• DATA FOR REVIEW

■ ■ ■

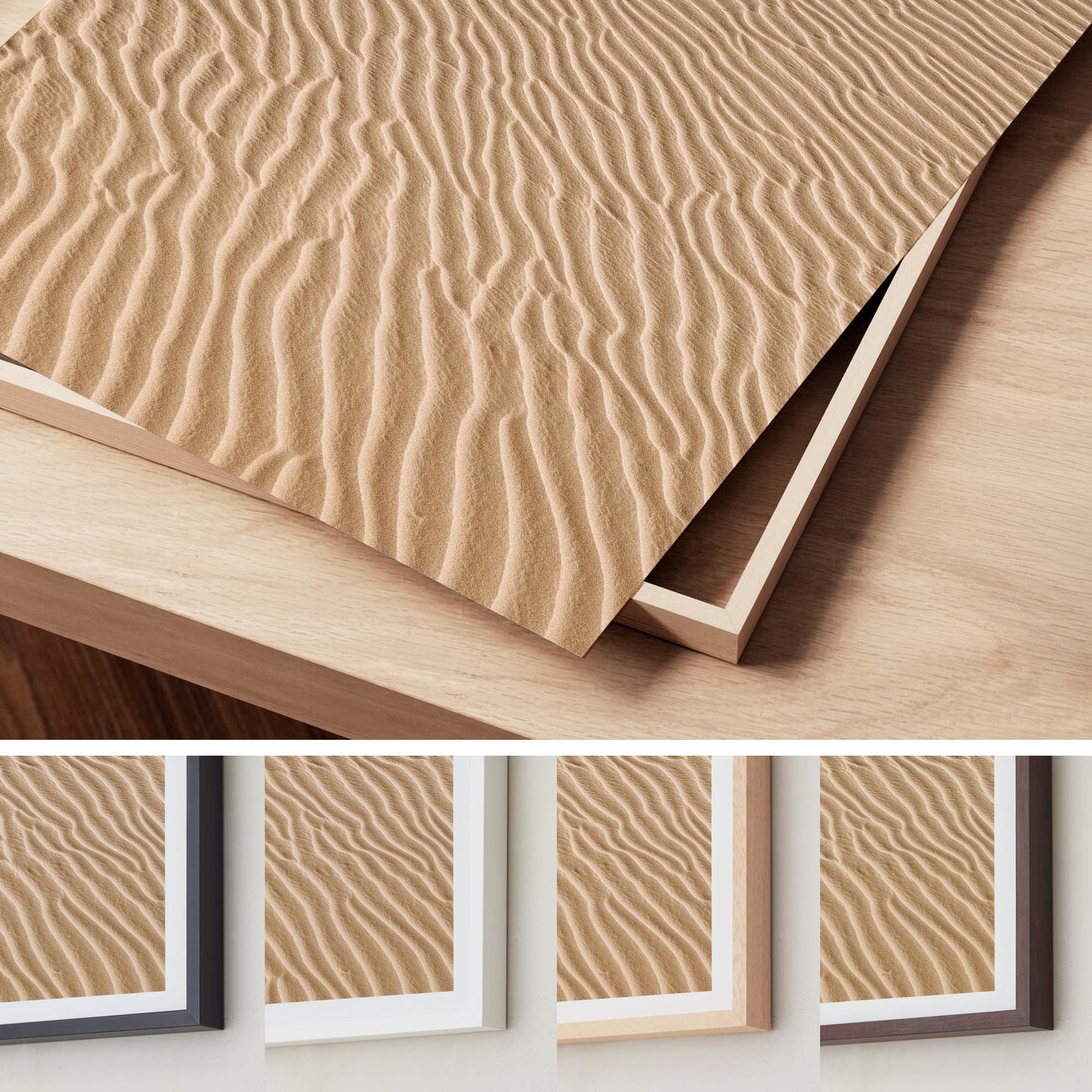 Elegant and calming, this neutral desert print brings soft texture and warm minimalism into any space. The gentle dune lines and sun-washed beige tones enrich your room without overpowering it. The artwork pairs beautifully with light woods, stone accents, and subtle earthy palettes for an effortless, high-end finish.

■ ■ ■

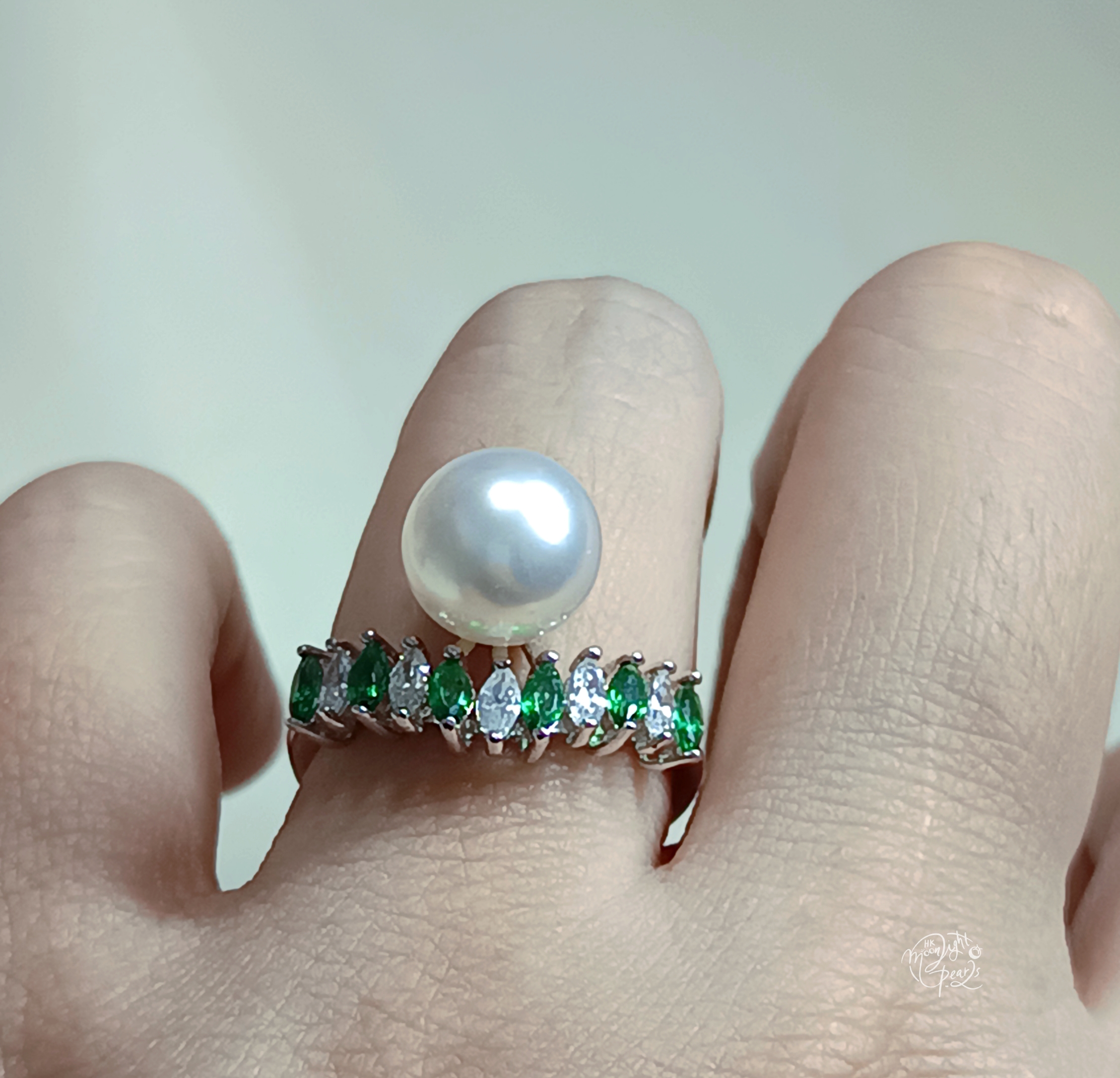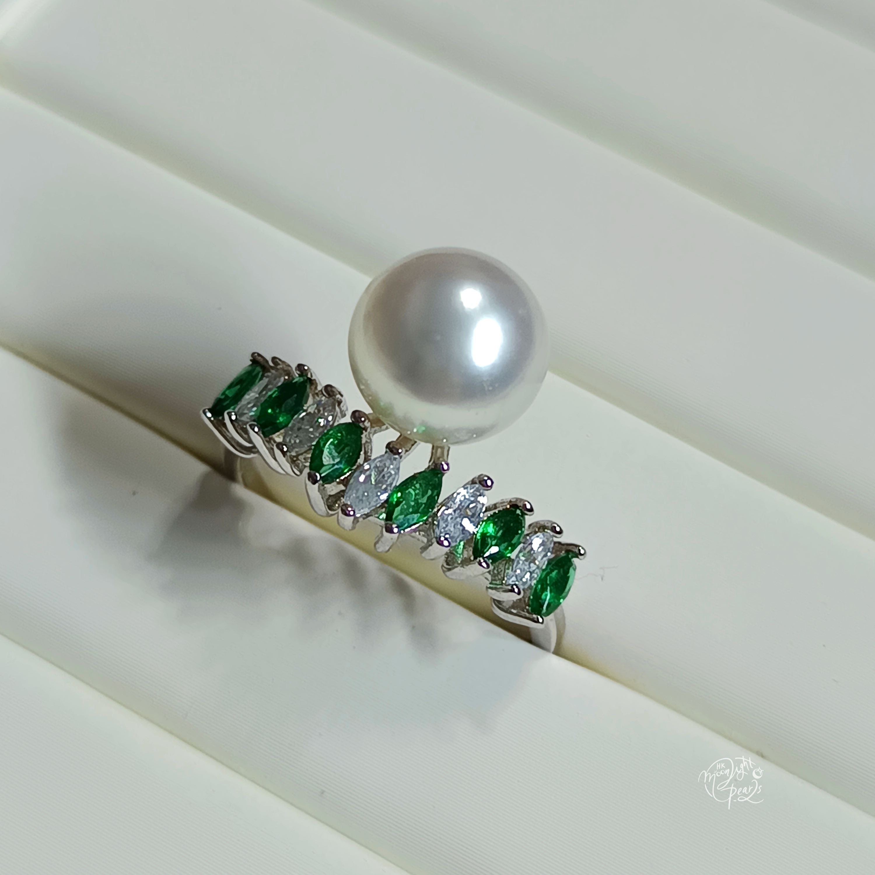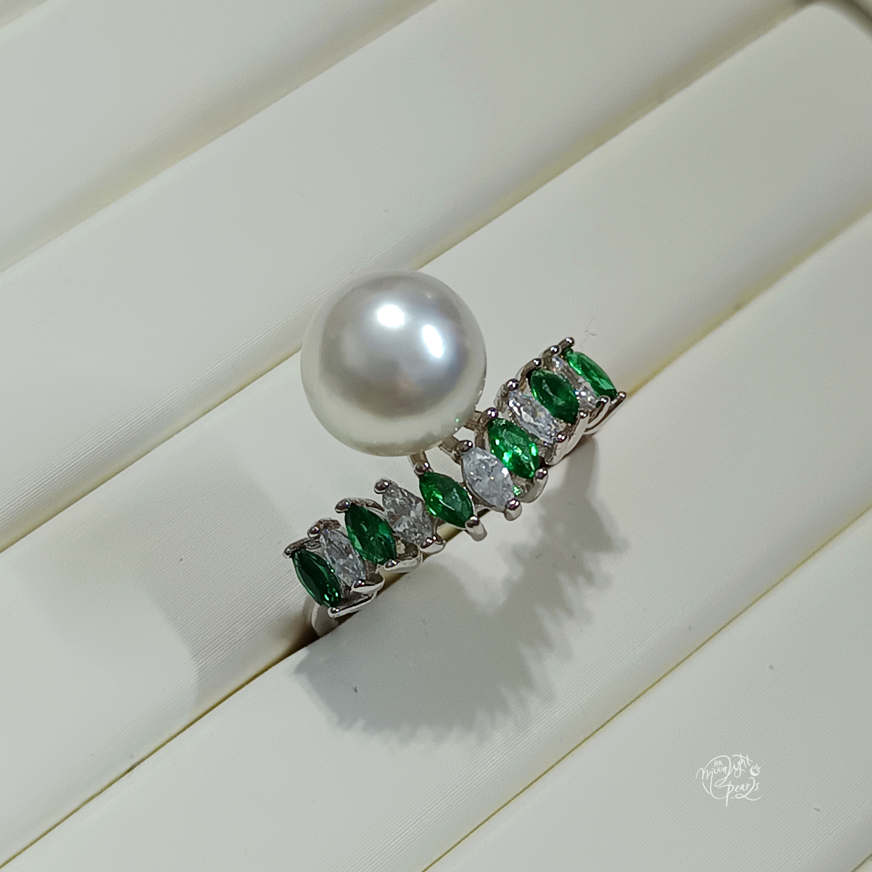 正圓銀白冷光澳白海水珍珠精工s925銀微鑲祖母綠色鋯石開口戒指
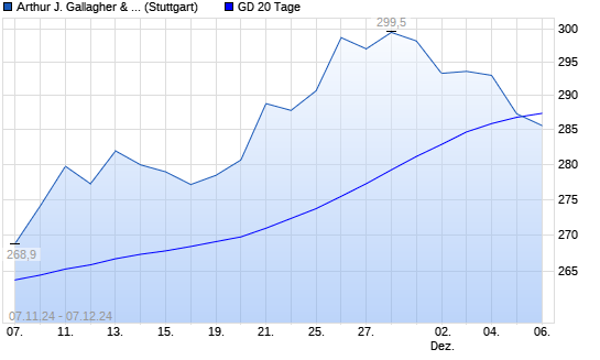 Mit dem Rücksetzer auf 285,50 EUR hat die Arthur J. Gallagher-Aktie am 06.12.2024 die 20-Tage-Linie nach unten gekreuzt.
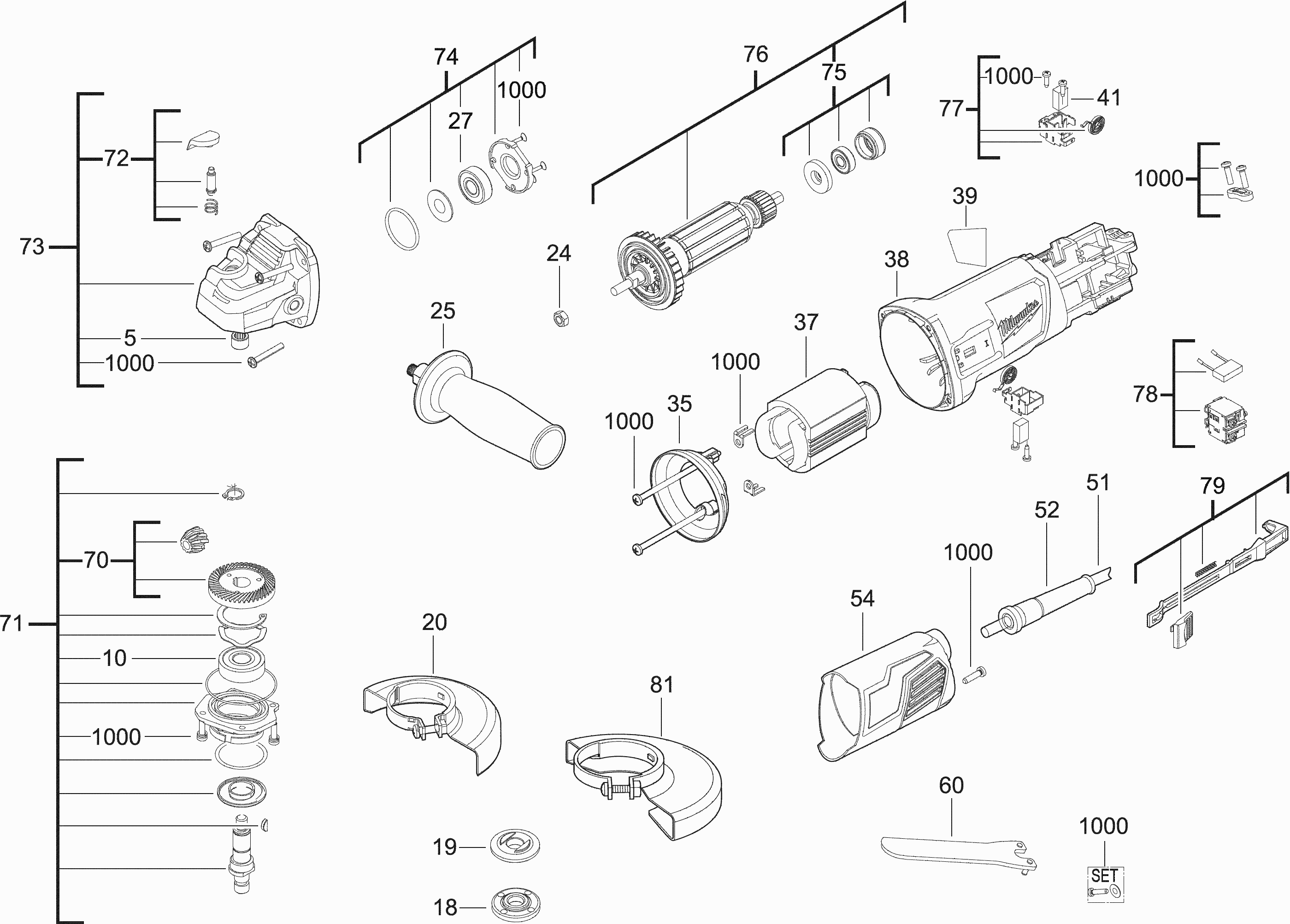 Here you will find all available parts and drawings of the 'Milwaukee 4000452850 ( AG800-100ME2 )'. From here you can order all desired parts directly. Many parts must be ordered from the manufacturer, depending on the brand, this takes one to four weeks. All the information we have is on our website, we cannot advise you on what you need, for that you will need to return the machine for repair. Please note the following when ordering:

■ ■ ■

• ASSIGNMENT
In the entries above, find the line that contains "Mit dem Rücksetzer" and the line that contains "Here you will". Reproduce exactly those two lines and every line between them, but not the pictures.

• SOLUTION FOR THIS PROBLEM
 Mit dem Rücksetzer auf 285,50 EUR hat die Arthur J. Gallagher-Aktie am 06.12.2024 die 20-Tage-Linie nach unten gekreuzt.
 Here you will find all available parts and drawings of the 'Milwaukee 4000452850 ( AG800-100ME2 )'. From here you can order all desired parts directly. Many parts must be ordered from the manufacturer, depending on the brand, this takes one to four weeks. All the information we have is on our website, we cannot advise you on what you need, for that you will need to return the machine for repair. Please note the following when ordering:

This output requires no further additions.